New Gear and Builds: Darkness Has Never Looked Better
The DLC adds a substantial library of weapons, spells, and armour sets, many of which revolve around shadow and light manipulation.
Some standouts:
- Umbra Blades – Twin daggers that temporarily blind enemies on critical hits.
- Hollowforged Greatsword – A colossal blade that gains damage in darkness.
- Gloamcall Incantations – Faith-based shadow magic that plays beautifully with crowd control and stealth.
- Vanyr’s Grimoire – A sorcery set focused on distortion spells and delayed detonations.
These additions encourage new hybrid builds — especially combinations of Dexterity, Arcane, and Faith — and significantly expand the meta for PvE and PvP alike.

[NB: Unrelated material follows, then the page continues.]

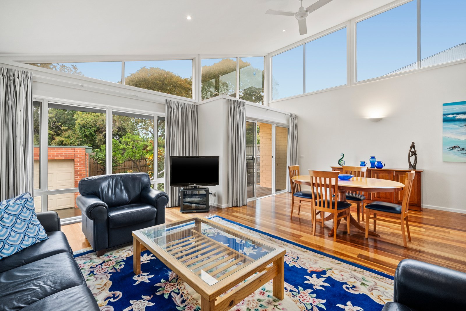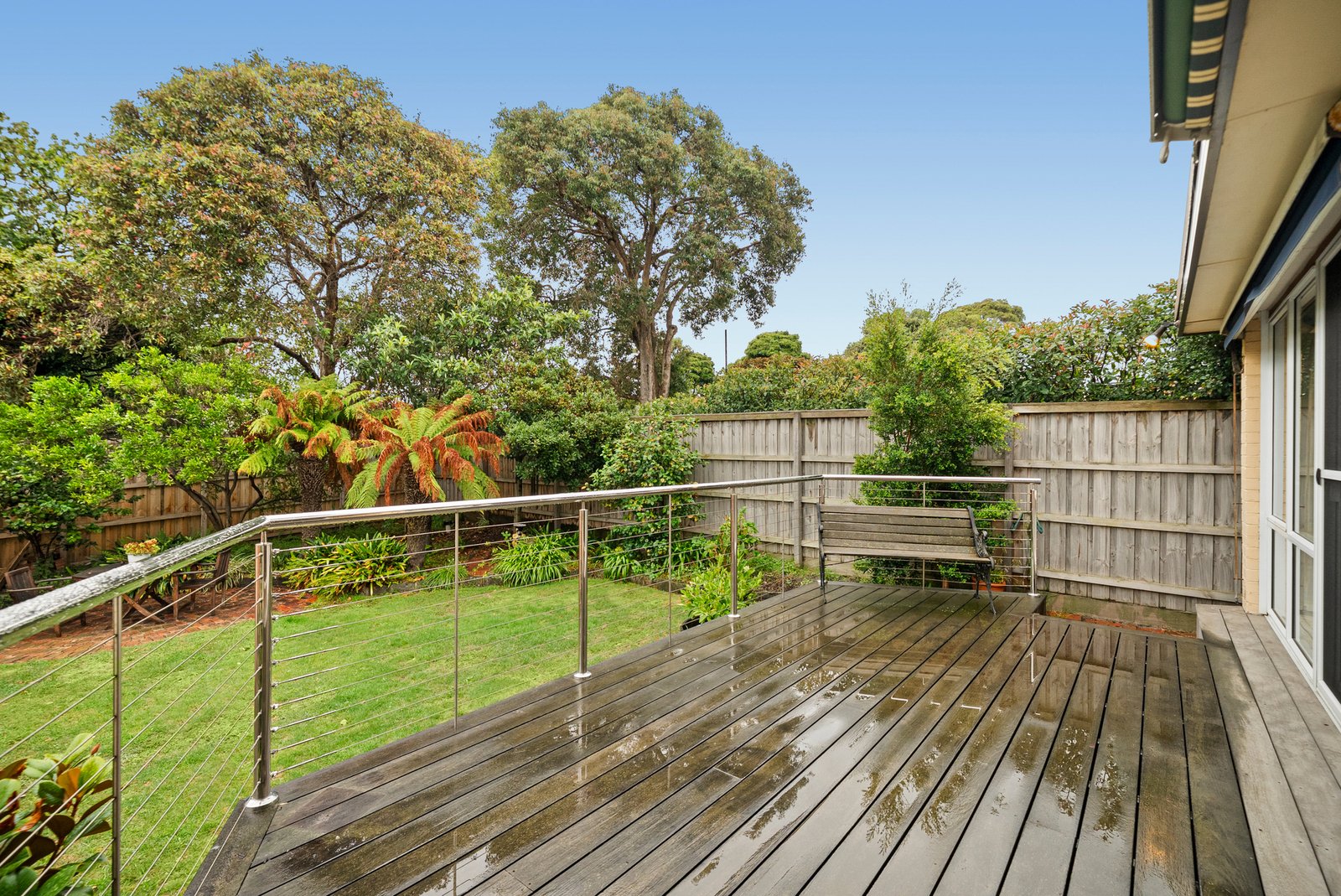 Sliding doors extend the interiors to an elevated al fresco deck perfect for outdoor dining and relaxed gatherings, overlooking established gardens that deliver genuine privacy and year-round enjoyment.

Performance and Technical Polish
FromSoftware’s recent expansions have occasionally struggled with optimisation, but Nightreign arrives impressively stable. Performance in the massive underground chambers is smoother than expected, and lighting effects — crucial to the DLC’s identity — are handled brilliantly.
Enemy tracking can occasionally feel erratic in tight corridors, and a few texture pop-ins occur during rapid vertical transitions, but nothing detracts significantly from the experience.
Verdict: A Masterful Descent Into Darkness
Elden Ring: Nightreign – The Forsaken Hollows is FromSoftware at its most uncompromising and atmospheric. It trades the vastness of the Lands Between for a tighter, more oppressive descent into forgotten history. It’s brutal. It’s beautiful. It’s suffocating in all the right ways. And it stands comfortably beside Artorias of the Abyss, The Old Hunters, and Shadow of the Erdtree as one of the studio’s finest expansions.
A haunting, meticulously crafted DLC that pushes Elden Ring’s combat, worldbuilding, and lore into thrilling new depths.